Records from a data collection:
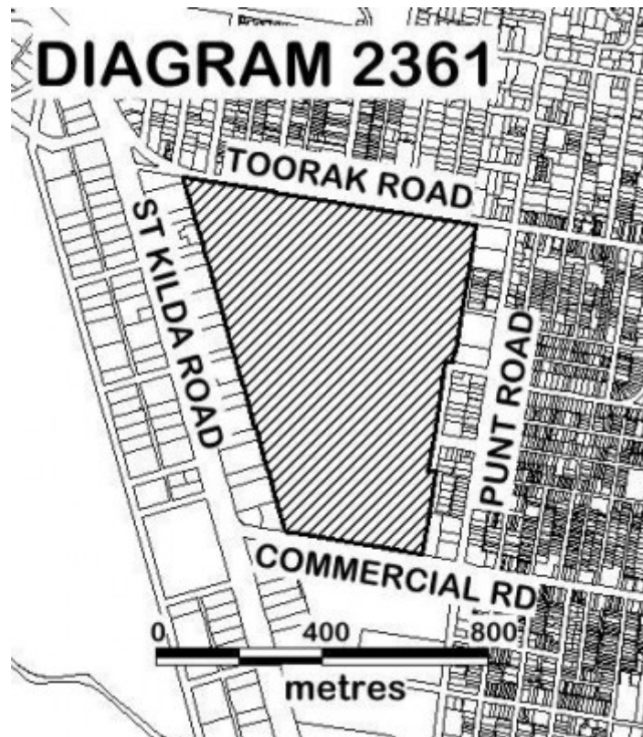
Fawkes Park Extent Diagram 2361
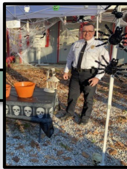
WGRC Trick or Treat Street
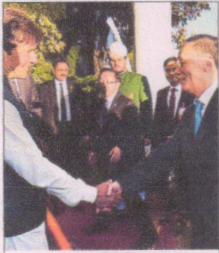
Pakistan PM Imran Khan with Chinese Vice-President Wang Qishan in Islamabad.

Corridor will boost economic integration of region, says Wang Qishan during visit
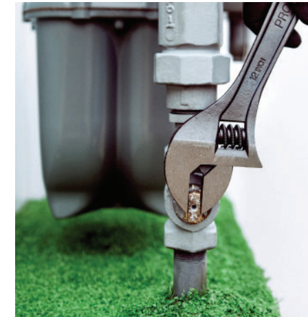
Valve Position ON
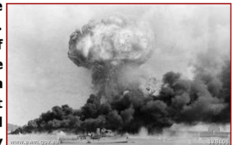
Bombing of Darwin - 1942

The Japanese air raids on Darwin on 19 February 1942 were the largest attacks ever mounted by a foreign power against Australia. They were also a significant action in the Pacific campaign of World War II and represented a psychological blow to the Australian population, several weeks after hostilities with Japan had begun. The raids were the first of almost 100 air raids against Australia during 1942-43. This event is often called "the Pearl Harbor of Australia". Although it was a less significant military target, a greater number of bombs were dropped on Darwin than were used in the attack on Pearl Harbor, Hawaii.
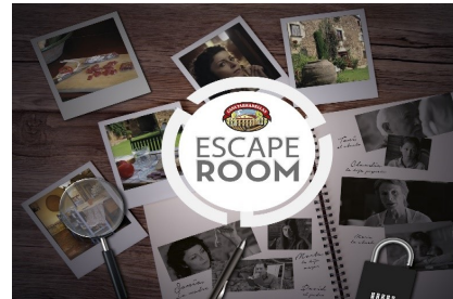
This Photo by Unknown Author is
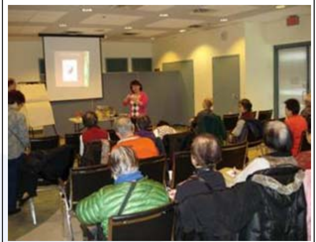
Skills-training and education workshop at the resource centre.

our reputation. Our quarterly courses and service overview is distributed via our website, via email, in addition to distributing to various medical centres, health clinics, pharmacies, local restaurants, and community centres. Our programs are advertised in the Chinese newspapers, radio stations and television community news as well. Caregivers who do not have time to attend workshops can visit our Resource Centre to pick up printed materials regarding services, diseases and caregiving tips for reference. Furthermore, the "Busting the Myths about Dementia" DVD is available for pick up at all Yee Hong locations. Our challenge is to locate those who need our services but are so busy trying to juggle work and other family commitments.
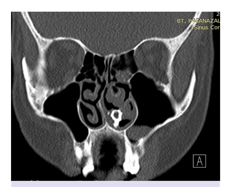
FIGURE 2. Computed tomography appearance of a rhinolith between inferior turbinate and septum on the left side.

Other rare locations of rhinolith were between middle turbinate and septum (9.7%) and lateral to middle turbinate (6.5%) (Table 1).
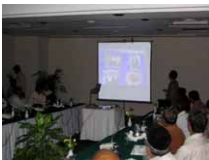
Photo17. Presentation by NARBO Secretariat

Organization/Area Water Partnership” session on July 14. The secretariat also distributed NARBO newsletters and advertised NARBO. During the forum, some of the participants asked him what to do to become its member.
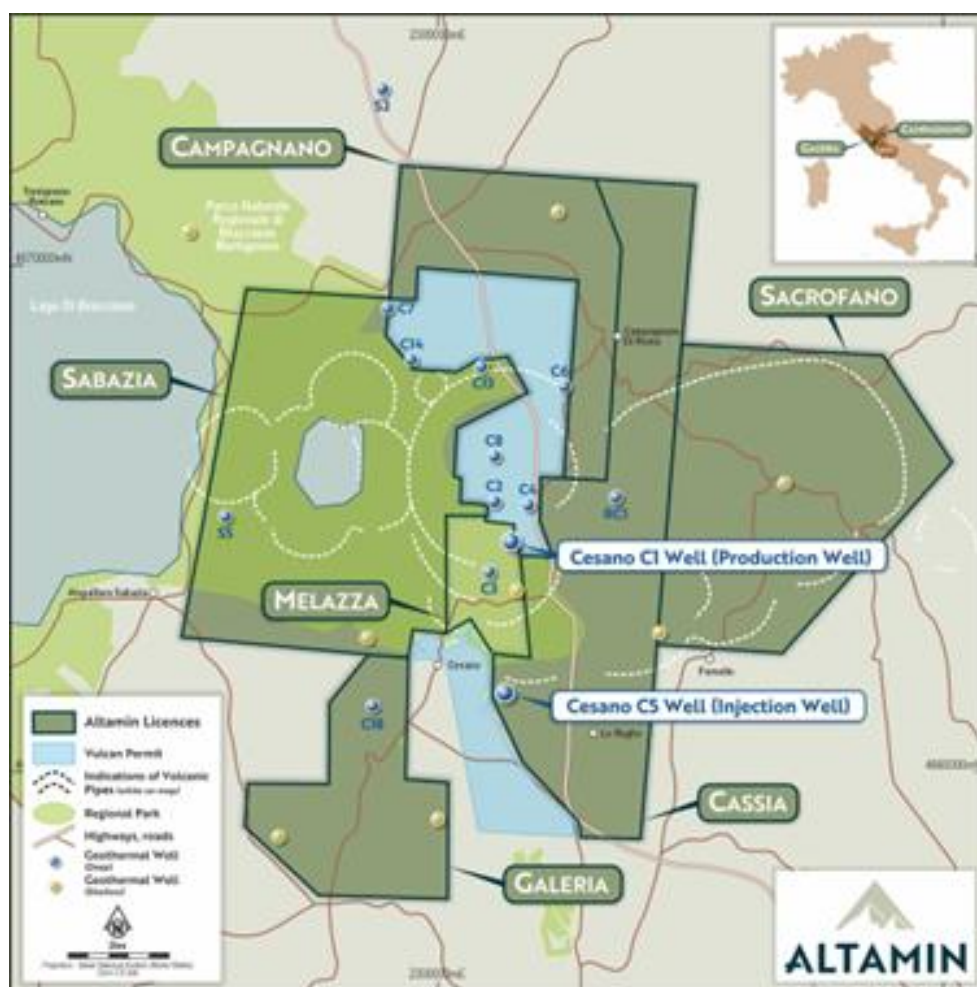
Figure 1: Lazio Project Exploration Licences

The Lazio project area consists of six Exploration Licences (ELs) illustrated in Figure 1 below, at Campagnano, Galeria, Melazza, Cassia, Sacrofano and Sabazia in the Lazio region, 30km NW of Rome. The ELs covers approximately 11,000ha in the Cesano geothermal field which was drilled and tested for geothermal energy production by the Italian state power company in the 1970s and 1980s.

• **WORK ORDER**
In the copy, include every record exactly and no pictures at all.

• **SOLUTION FOR THIS PROBLEM**
Fawkes Park Extent Diagram 2361
WGRC Trick or Treat Street
Pakistan PM Imran Khan with Chinese Vice-President Wang Qishan in Islamabad.

Corridor will boost economic integration of region, says Wang Qishan during visit
Valve Position ON
Bombing of Darwin - 1942

The Japanese air raids on Darwin on 19 February 1942 were the largest attacks ever mounted by a foreign power against Australia. They were also a significant action in the Pacific campaign of World War II and represented a psychological blow to the Australian population, several weeks after hostilities with Japan had begun. The raids were the first of almost 100 air raids against Australia during 1942-43. This event is often called "the Pearl Harbor of Australia". Although it was a less significant military target, a greater number of bombs were dropped on Darwin than were used in the attack on Pearl Harbor, Hawaii.
This Photo by Unknown Author is
Skills-training and education workshop at the resource centre.

our reputation. Our quarterly courses and service overview is distributed via our website, via email, in addition to distributing to various medical centres, health clinics, pharmacies, local restaurants, and community centres. Our programs are advertised in the Chinese newspapers, radio stations and television community news as well. Caregivers who do not have time to attend workshops can visit our Resource Centre to pick up printed materials regarding services, diseases and caregiving tips for reference. Furthermore, the "Busting the Myths about Dementia" DVD is available for pick up at all Yee Hong locations. Our challenge is to locate those who need our services but are so busy trying to juggle work and other family commitments.
FIGURE 2. Computed tomography appearance of a rhinolith between inferior turbinate and septum on the left side.

Other rare locations of rhinolith were between middle turbinate and septum (9.7%) and lateral to middle turbinate (6.5%) (Table 1).
Photo17. Presentation by NARBO Secretariat

Organization/Area Water Partnership” session on July 14. The secretariat also distributed NARBO newsletters and advertised NARBO. During the forum, some of the participants asked him what to do to become its member.
Figure 1: Lazio Project Exploration Licences

The Lazio project area consists of six Exploration Licences (ELs) illustrated in Figure 1 below, at Campagnano, Galeria, Melazza, Cassia, Sacrofano and Sabazia in the Lazio region, 30km NW of Rome. The ELs covers approximately 11,000ha in the Cesano geothermal field which was drilled and tested for geothermal energy production by the Italian state power company in the 1970s and 1980s.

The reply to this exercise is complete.